Awww! It looks like they really love each other.


----------



## lexxie109 (Jan 20, 2003)

Ugh, how do you post a picture?


----------



## Max&Ben (Feb 7, 2003)

lexxie109 said:


> Ugh, how do you post a picture?


To post a picture you must first have the picture "hosted" somewhere on the web. Your ISP may provide a personal webspace hosted on their servers. You can contact them and they will be pleased to explain how to use it along with the required address to send (upload) your pictures. 

Once that is done, you simply set up a link to it by using the IMG button visible when you are doing a new post to reply here on the board. Most boards are set up the same way. You may have to familiarize yourself a little with FTP. No big deal, I will be happy to help any step along the way. 
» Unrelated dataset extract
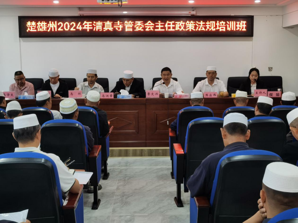 2024年8月12日至15日,楚雄州举办2024年清真寺管委会主任宗教政策法规培训班,培训围绕党的二十届三中全会、坚持我国宗教中国化和《云南省宗教事务条例》《互联网宗教信息服务管理办法》《伊斯兰教朝觐事务管理办法》等宗教政策法规开展专题辅导。

First you must contact your ISP and get the server address and then get your personal webspace activated. They are the only ones who can do that. Then you select which pictures you wish to show (you may need to resize them) and using an FTP program (free) you would upload them to your newly activated webspace. As I mentioned, once they are there, it's pretty easy to link them here to the board.

There are also a number of free services which will do the same thing. Run a google search on "free image hosting" or "free web hosting" and choose one that suits your needs. they are all explained fairly well. 

Feel free to PM me if you run into trouble.


----------